Why companies may need more developers

AI-generated findings create a staffing issue because most remediation work still requires engineering judgment. Developers must understand the affected code, determine the safest correction, avoid breaking production behavior, update tests, and support retesting. Security teams must confirm the risk and validate the correction. Project managers may be needed to track ownership, status, deadlines, and reporting.

As AI audits scale, the number of findings can grow faster than the organization's ability to process them. This can force companies to choose between delaying remediation, redirecting developers away from product work, or adding more engineering and security capacity. For large enterprises, the cost of proving, fixing, validating, and documenting AI findings can become material.

Section 06

Where Telhawk fits

Telhawk is built for the post-finding workflow, but its value begins earlier than remediation. Galen© helps structure the evidence that AI-assisted security review needs in order to produce better findings. By organizing affected code paths, data flows, authorization boundaries, API routes, missing guards, permission models, agent tool access, remediation context, and validation status, Galen© helps LLMs reason from security evidence rather than disconnected raw input.

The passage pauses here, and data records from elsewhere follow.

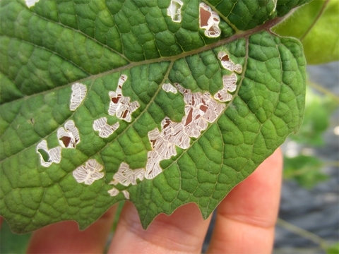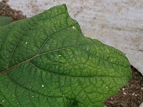 - 主に葉の裏からの食害。削られたような食害痕が特徴。
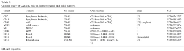 根據(jù)clinical.gov網(wǎng)站上的臨床數(shù)據(jù),已有200多項關于CAR-T細胞的研究。然而,只有9項涉及CAR-NK細胞。
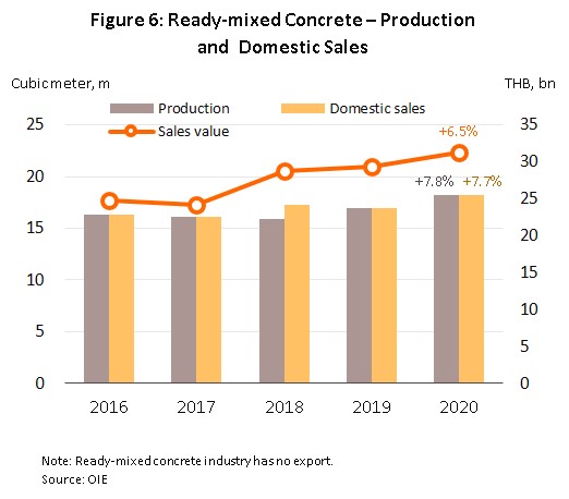 - Ready-mixed concrete: This is prepared according to domestic demand so output and sales match each other, both rising 7.8% to 18.2 million cu.m. on stronger demand for use in government infrastructure construction (Figure 6).
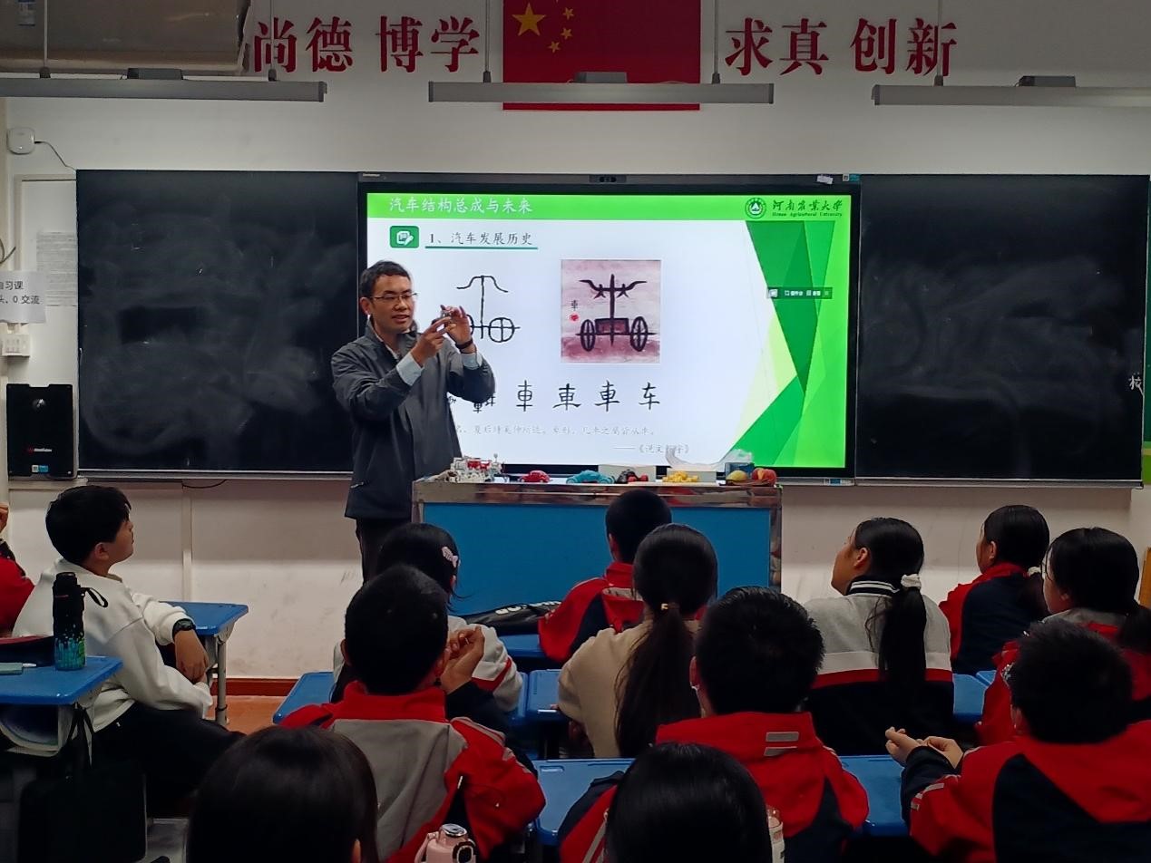 王庆朋博士走进河南农业大学附属中学,开展了一场主题为“汽车结构总成与未来”的科普讲座,讲座由附中副校长张洁云主持。
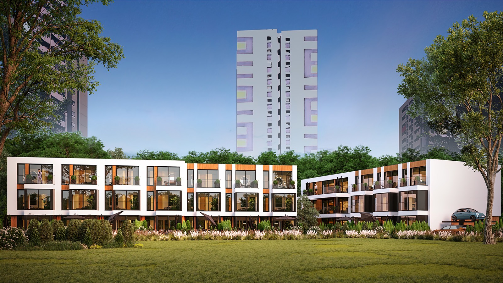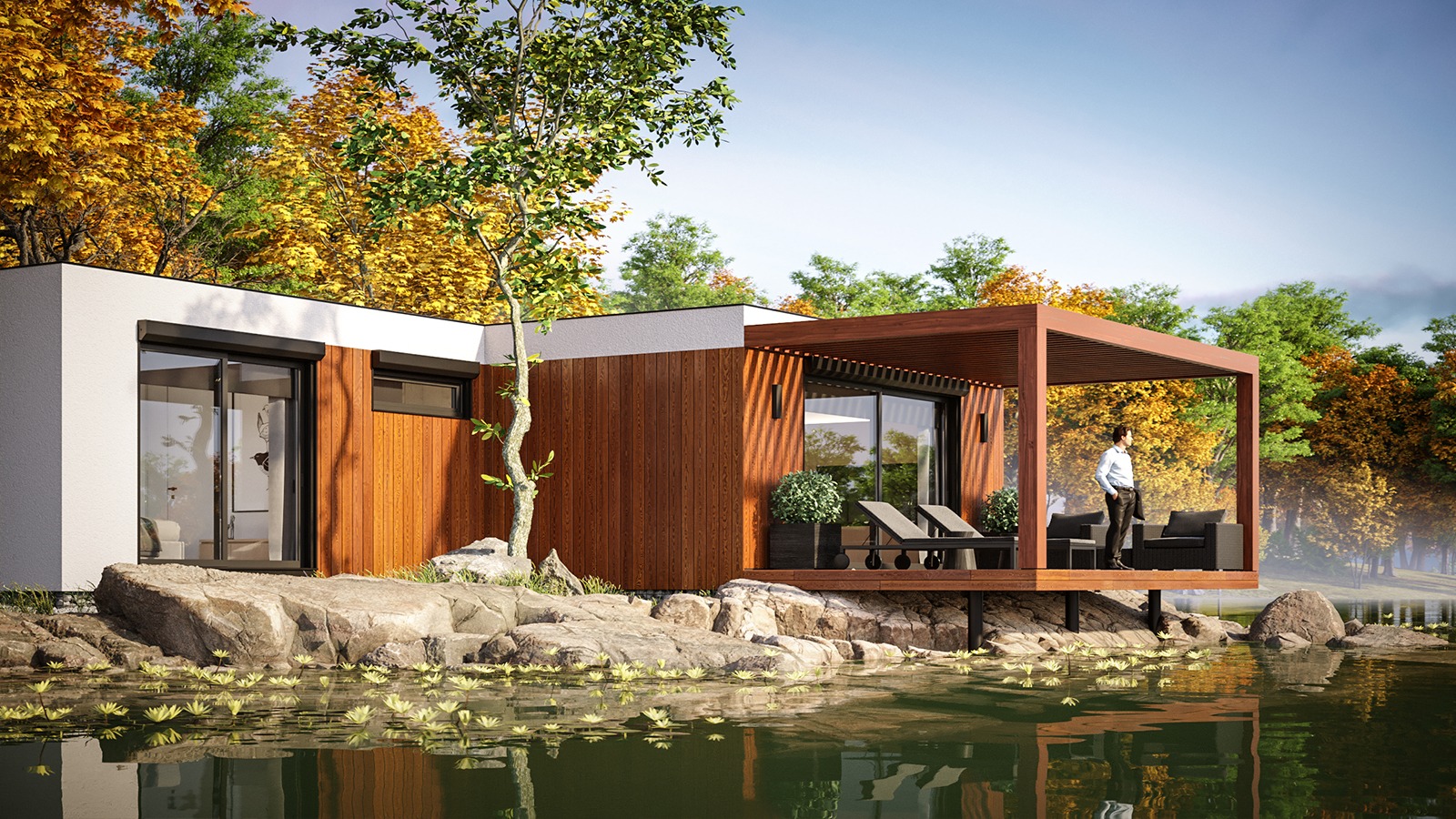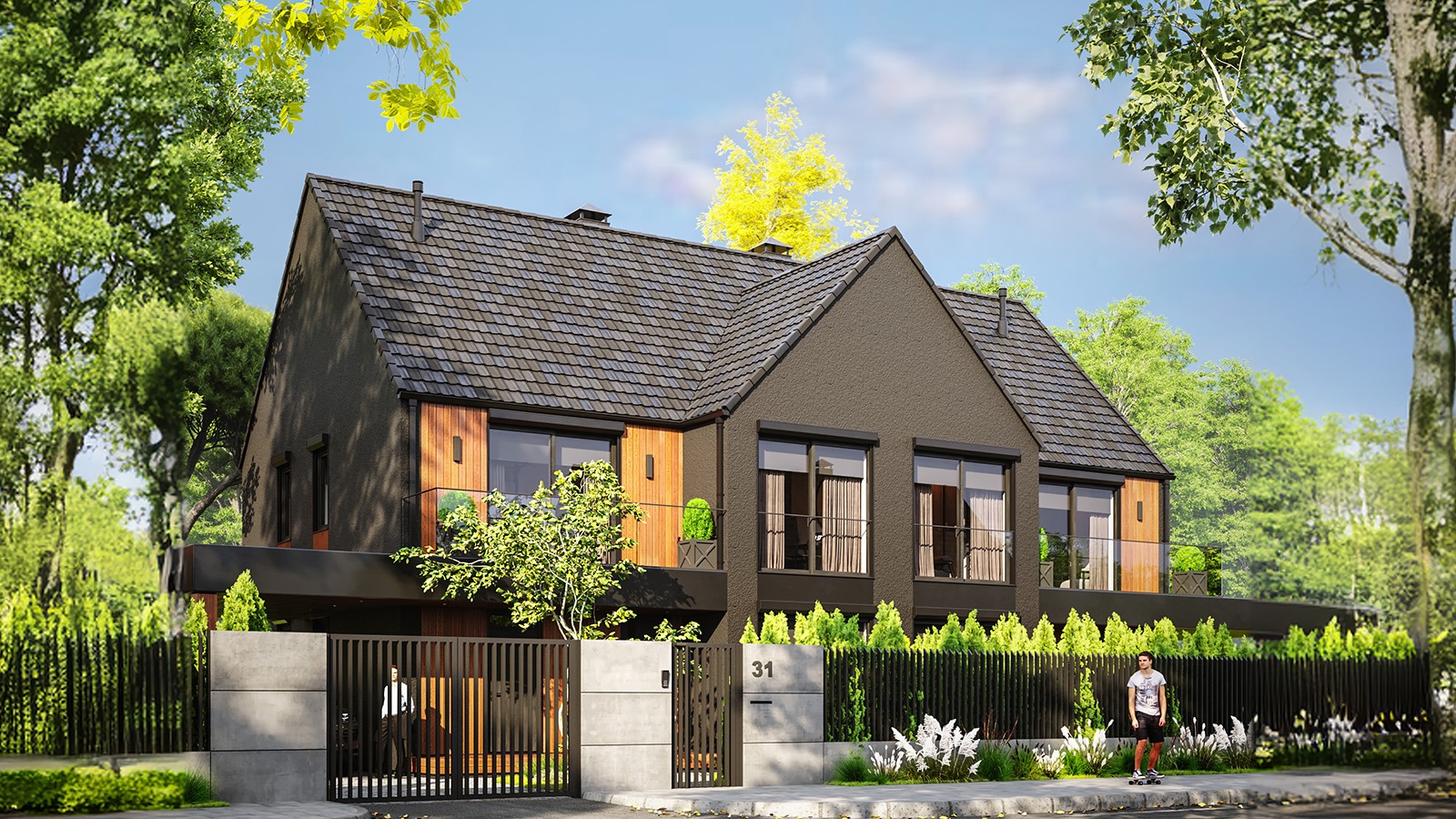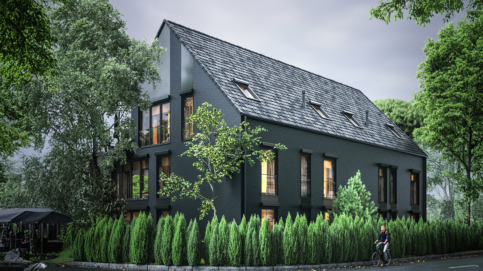 Eingeschossige und mehrgeschossige Gebäude unter Verwendung von Holzrahmen-Paneelen. Entsprechend dem KfW-Standard 40 Plus oder 55 mit QNG-Zertifizierung. Alle Vorteile des nachhaltigen Holzbaus. Planung, Produktion, Bau.

This can improve both sides of AI security review. It can help increase the number of real, security-relevant findings that may otherwise be missed, while also helping reduce speculative findings, duplicates, unsupported conclusions, and hallucinated issues. The result is not simply more findings. The result is a clearer path from AI-assisted analysis to proof-backed security work.

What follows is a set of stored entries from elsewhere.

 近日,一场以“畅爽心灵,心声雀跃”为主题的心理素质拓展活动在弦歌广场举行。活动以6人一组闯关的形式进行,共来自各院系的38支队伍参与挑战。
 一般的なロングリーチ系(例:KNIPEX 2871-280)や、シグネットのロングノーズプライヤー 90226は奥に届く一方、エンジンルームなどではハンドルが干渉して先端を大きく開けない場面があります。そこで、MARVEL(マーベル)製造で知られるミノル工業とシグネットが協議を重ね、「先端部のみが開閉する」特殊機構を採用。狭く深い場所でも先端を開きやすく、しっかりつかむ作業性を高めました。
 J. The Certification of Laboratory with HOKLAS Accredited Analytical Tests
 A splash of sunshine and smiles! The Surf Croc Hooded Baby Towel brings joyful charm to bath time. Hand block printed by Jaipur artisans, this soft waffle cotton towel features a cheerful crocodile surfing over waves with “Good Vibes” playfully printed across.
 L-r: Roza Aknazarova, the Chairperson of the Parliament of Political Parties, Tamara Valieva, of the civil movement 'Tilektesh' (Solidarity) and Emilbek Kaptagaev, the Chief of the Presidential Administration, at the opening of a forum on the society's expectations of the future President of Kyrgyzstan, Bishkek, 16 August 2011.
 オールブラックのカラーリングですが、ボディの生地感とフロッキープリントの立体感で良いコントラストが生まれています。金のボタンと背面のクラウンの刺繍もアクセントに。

Telhawk helps move security teams from raw AI findings to proof-backed outcomes: evidence, priority, remediation direction, validation status, and report-ready documentation. In this model, LLMs become more useful because they are paired with structured proof.

Figure

Figure 1 — Where AI audit cost accumulates

Raw AI findings
18
Human review
72
Remediation
88
Retesting
46
Validation
78
Documentation
64

Illustrative workload intensity. Bars are directional, not measured. Cost and team time tend to concentrate in human review, remediation, validation, and documentation rather than in finding generation itself.

Figure

Figure 2 — How structured evidence improves LLM security review

  1. Step 1
    Raw inputs
  2. Step 2
    Galen© evidence layer
  3. Step 3
    LLM security reasoning
  4. Step 4
    Proof-backed findings
  5. Step 5
    Remediation + validation

Structured evidence helps LLMs reason from security context rather than disconnected raw input.

Closing

Conclusion

AI security will increase the number of findings available to software teams. But finding volume alone does not reduce risk. Risk is reduced when findings are real, proven, prioritized, remediated, validated, and documented.

LLMs will play a major role in software security, but their results depend on context. When AI review is supported by structured evidence, it can help surface more real risk while reducing unsupported noise. That is the role Telhawk is designed to serve.

The future of AI security is not more alerts. The future is better findings, stronger proof, remediation, validation, and trust.